Anyone here who follows my posts closely, may have noticed that I’ve been studying the Python dict implementation quite intensely the last few days.^{[1]} I have essentially two ideas for improvements that could save a fair bit of space (varying amounts from 10-50%, with 25% typical for smallish dicts) above and beyond recent improvements, with what I believe would be minimal impact on performance. But I’ll present those separately. For the moment, I want to talk about trading off some space for performance, since so much has already been saved.

Some background: the `USABLE_FRACTION`

macro in the CPython code governs the amount of space that can conceptually be filled in the hash table powering a Python dict (the size of which hash table is always a power of two).

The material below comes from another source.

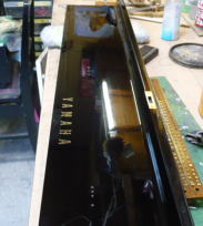 鍵盤蓋をポリッシャーで磨きます。 こんなに光りました。 ロゴも光ってます。

Essentially it multiplies the table size by a load factor, currently two-thirds. Thus, when the first key is added to an empty dict, and it’s given the smallest allowed hash table (8 entries), that dict can hold up to 5 items before it will be rehashed and the table resized.

Since the table size doubles whenever it’s resized, and this is triggered by reaching a density of about 2/3, it stands to reason that the new table has a density of about 1/3. Approximating that dicts of each size are equally common across any given small range of sizes, the average density is 1/2.^{[2]}.

Before the Python 3.6 optimization, this meant that a dict with a table size of, say, 128, would use 384 words for that table (a key pointer, value pointer and hash value for each table entry), plus whatever header, and on average represent 64 key-value pairs. And that was the tradeoff for a while. Some other languages offered hash tables that defaulted to a higher maximum load factor (from what I can tell, Java used 0.75), and perhaps offered some customization.

But now, we can *mostly* collapse the empty entries in the table as far as a single byte, and 64-bit architectures are common. The same dict will use 255+16 = 271 words on a 64-bit machine. Even though the table’s average load is nominally ~1/2, the actual storage for full-sized table entries averages ~3/4 full.

Not to mention the other optimizations available: setting aside shared-key dicts for a moment, dicts that have only string keys get a special optimization that drops the hashes out of the table (instead using a hash carried with the string itself) - so they would use only 170+16 = 186 words. That’s less than half the original amount.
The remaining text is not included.